I would like to compliment “Manwithnoname” on his statement. It is very acurate and to the point. I found the statement about viewing movies at home to be specifically interesting and distrurbing. As a former exhbitor, it points out to the failure of todays theatre designers to create an atmosphere to lure the general public out of their houses. That is now the theatre owners greatest mission. I have long anticipated that the day will come that all we have to do is download the movie from either the internet or satalite and no longer have to lug those heavy cans up and down stairs and the dreaded freight bills will be a thing of the past.

rroberts
rroberts on May 9, 2005 at 9:40 am

This is why OLDER theatres should be used. The glorious experience of walking into an older theatre is exactly what early movie exhibitors (theatre owners) wanted to achieve. No one gets excited by the architecture when walking into the Cinema 32. So the best of technology should marry

JimRankin
JimRankin on May 9, 2005 at 12:06 pm

Some of the above posts imply that today’s theatre designers are bent on creating only a cheap, boring experience, but to be fair, it must be remembered that designers are paid by the multiplex chains, and these are mostly conglomerates which exist by definition for, and only for, profit — as much profit as they can get, either legally or illegally (it doesn’t really matter as long as they can get away with it — and they now OWN the governments, so who is left to prosecute them?); whatever works. Governments and their corts no longer stand in their way, and exhibition is but one business that is now in the control of Big Money.

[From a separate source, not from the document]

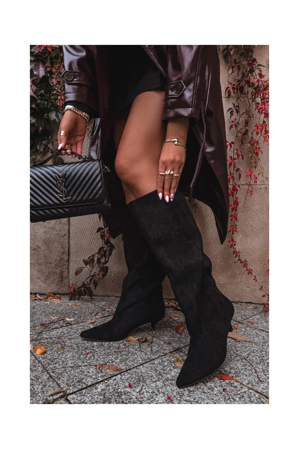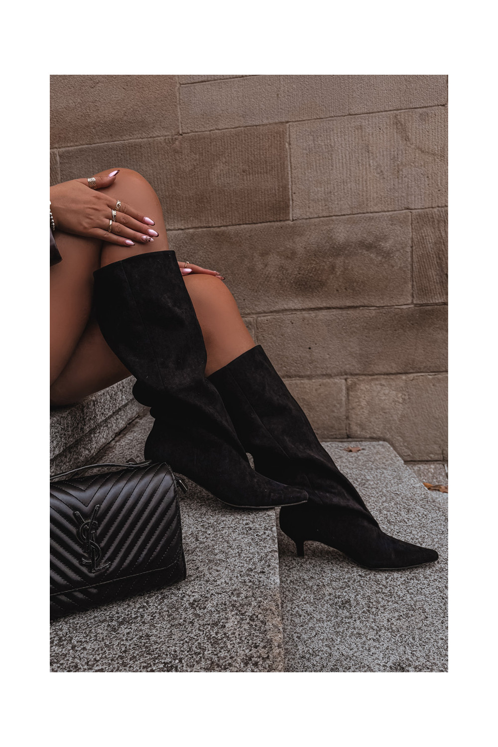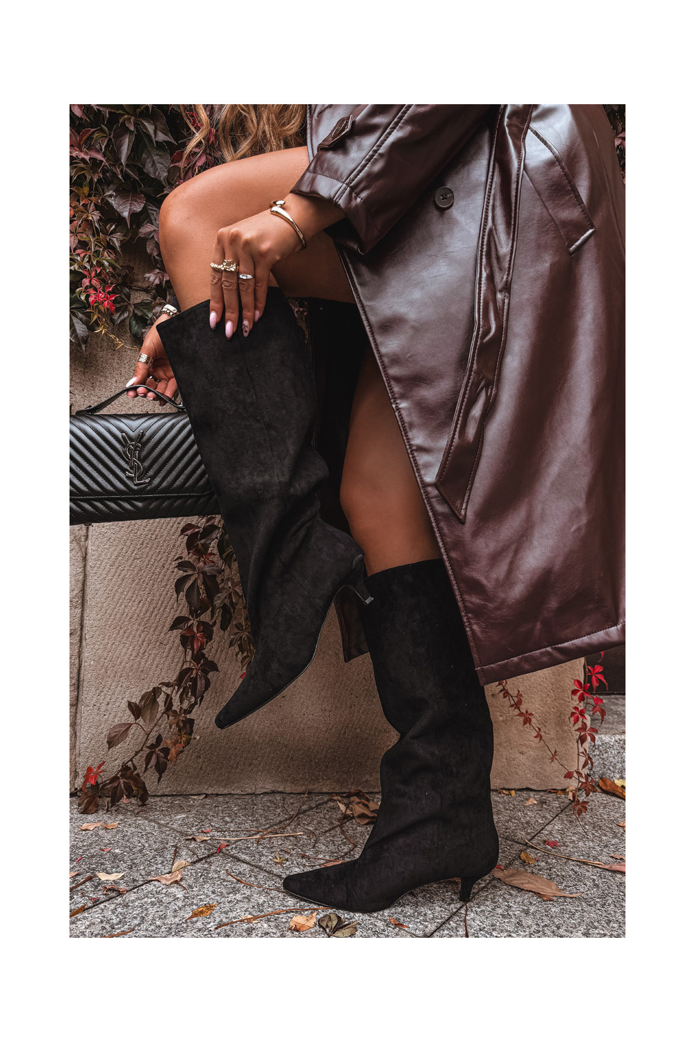 dámské dlouhé boty s podpatky Z z eko semišeu Černé Pheona
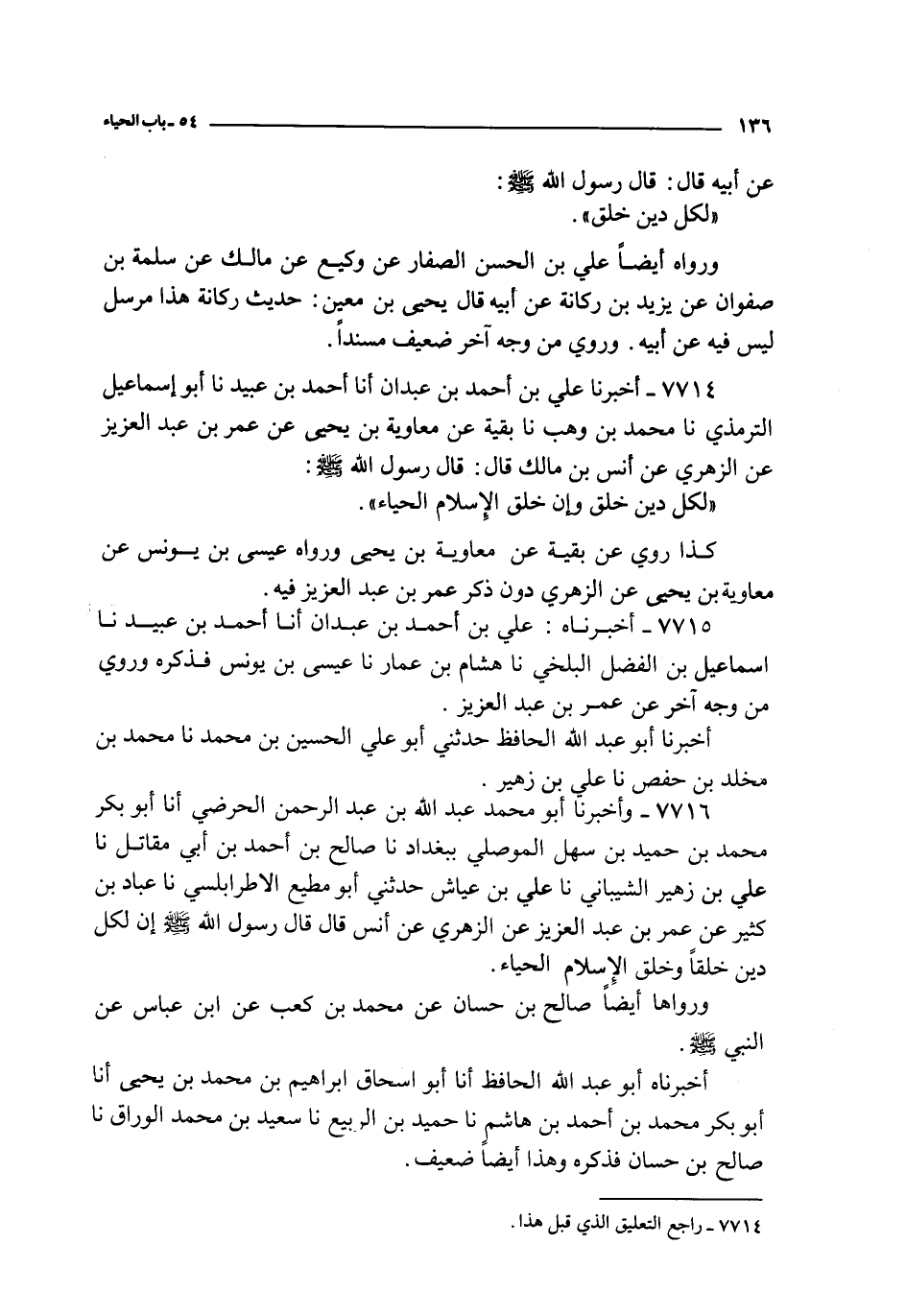 7716 - و أخبرنا أبو محمد عبد الله بن عبد الرحمن الحرضي أنا أبو بكر محمد بن حميد بن سهل الموصلي ببغداد نا صالح بن أحمد بن أبي مقاتل نا علي بن زهير الشيباني نا علي بن عياش حدثني أبو مطيع الاطرابلسي نا عباد بن كثير عن عمر بن عبد إبراهيم العزيز عن الزهري عن أنس قال : قال رسول الله صلى الله عليه و سلم إن لكل دين خلقا و خلق الإسلام الحياء

These types will always seek to eliminate anyone who stands in the way of maximum profit, and that includes the distributors and exhibitors. If they can sell directly to the public, the ‘studios’ get all the profit for themselves, hence my commet at the top. They are only biding their time until a sufficiently secure and reasonably inexpensive means arrives to get the product to the public at the highest profit by eliminating all middle men; when technology soon makes that possible, say goodbye to any theatres not owned by the ‘studios!’ Debating projection or media techniques as we do now, will then be as pointless as debating the preservation worthiness of a building as the bulldozers are rolling up to finish it off. Cinema as we know it will then be only a fond memory. As Aldous Huxley said: “It is a Brave New World.” But do we want to be there?!